La storia della monaca di Monza è, si sa, un romanzo nel romanzo: Manzoni comprese di avere tra le mani qualcosa d’importante, e ne aveva dato una versione molto più ampia, in quella sua prima redazione, che chiamiamo “Fermo e Lucia”. È una storia tragica, il Romanticismo europeo ai suoi massimi livelli, che lo scrittore asciuga nella versione pubblicata, lasciando insoddisfatti alcuni lettori contemporanei. La questione tragica è di quelle antiche, a Gertrude tocca un destino che non ha niente a che vedere con le sue inclinazioni, e non c’è cristiana pazienza che la plachi. Lungo il piano inclinato che la porta al momento decisivo della sua storia, troviamo Gertrude fatta maestra delle educande -non una scelta avveduta delle sue superiori. Lei oscilla tra vessazione e condiscendenza, senza mai trovare l’equilibrio tra distanza e vicinanza: ha una forma di potere, ma del potere lei ha subito un’esperienza che glielo ha fatto vivere come arbitrio e costrizione, in totale conflitto con le proprie inclinazioni. L’avere un potere non le basta a trovar quiete, né la rassegnazione alla sua condizione: è un gioco senza senso e soddisfazione, un precario stato d’equilibrio che sarà rotto con l’apparire di un qualunque Egidio.
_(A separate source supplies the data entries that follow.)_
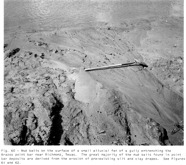 cases mud balls occur in small alluvial fans (Figures 60 and 61) formed near the low stage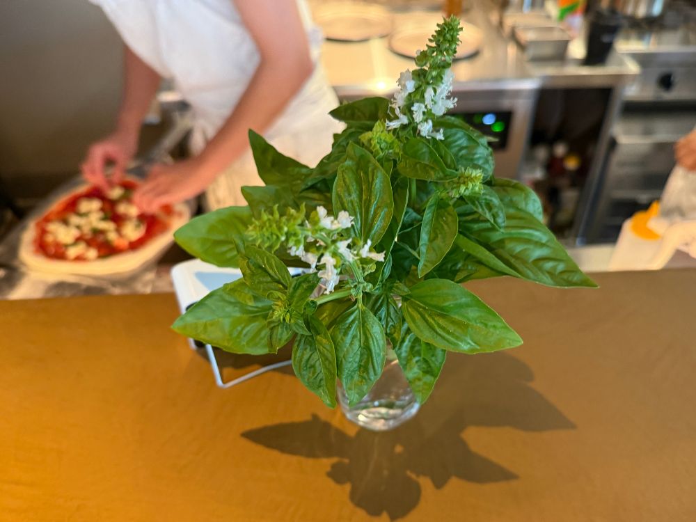 ピザに使われているバジルは、建物の屋上で育てられているそう。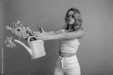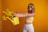 Pretty girl over yellow background with watering can full of narcissus flowers. Creative photography.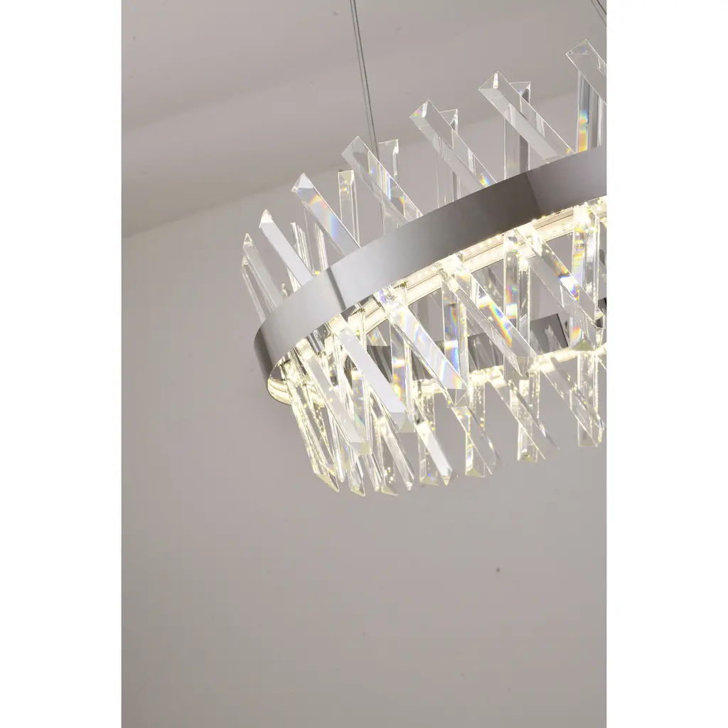 This 1-Light dimmable transitional LED chandelier presents a unique design that works beautifully in any living room, entryway, foyer, bedroom, or dinning room. Crafted with a chrome iron frame and clear crystal accents, the fixture blends function with style for a unique look that is sure to impress. The LED bulbs are integrated into the frame. The adjustable cord link makes this fixture suitable for most ceiling heights.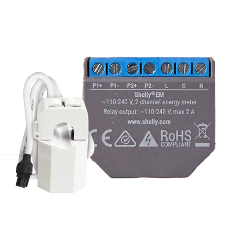 Shelly EM + 50A – WiFi 2.4 GHz IEEE802.11 b/g/n – Medidor de consumo – Suporta 110-230 V – Ideal para habitação – Compatível com Alexa e Google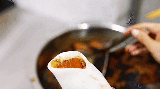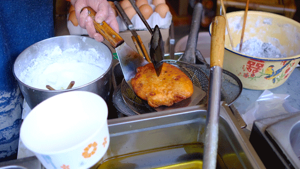 最後再舀一勺濃鬱的肉湯,合上捏成餃子狀,一個巨型“餃子”——嵌糕,就做好了。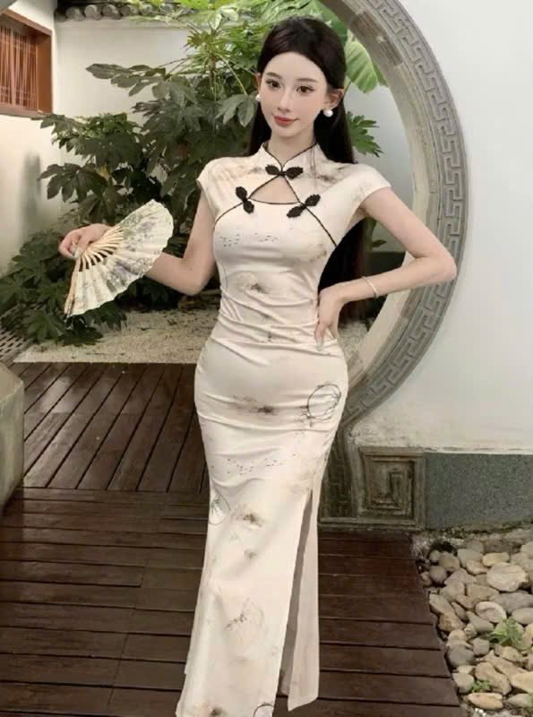Sườn Xám Thuỷ Mặc Xanh 3 Nút Tàu Kem là thiết kế thanh lịch với gam màu kem trang nhã làm nền. Áo nổi bật với họa tiết thủy mặc sắc xanh mềm mại, tạo điểm nhấn nghệ thuật đầy tinh tế. Ba nút tàu đen nơi cổ áo mang hơi hướng cổ điển, hài hòa với tổng thể hiện đại. Kiểu dáng ôm sát và đường xẻ cao giúp tôn dáng, phù hợp cho những dịp đặc biệt cần sự nổi bật và duyên dáng.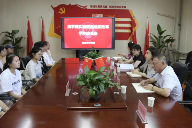 座谈会上,学生代表就实验班的课程设置、课程学习、学业规划等方面进行踊跃发言。针对学生们提出的意见和建议,副院长王莉莉进行了详尽的解释和说明,并表示后续学院将进一步梳理、研究、解决相关问题,为全面提升法学特色人才培养质量奠定基础。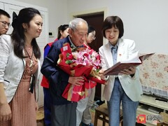 近日,正值重阳佳节,自流井区钟云山社区携手国网四川电力(自贡)连心桥共产党员服务队组成一支志愿服务队走进抗战老兵王榆青家中,给王老及家人送去鲜花、牛奶、油等生活物资,并送上节日的问候。在王老家里,志愿者们与王老夫妇促膝长谈,为王老仔细检查用电安全、煤气安全情况。随后,集体观看纪录片《冰血长津湖》。志愿者将包饺子的肉馅、面皮一一准备到位,把节日的祝福都融入到了饺子里,边包饺子边拉家常,有说有笑,营造

Prima che prendere la piega più squisitamente personale, che riguarda solo e soltanto Gertrude, la sua vicenda è dunque quella del potere fatto solo per replicarsi, che non ha considerazione per ciò che diciamo essere lo specifico umano. Sarà la prima vera scelta, sventurata, a fare umana Gertrude, ed è proprio il nodo che la riguarda -quello spazio indicibile in cui l’uomo si qualifica perché sceglie- a renderla tragica -come la Medea di Euripide, per intendersi- e non dimenticabile.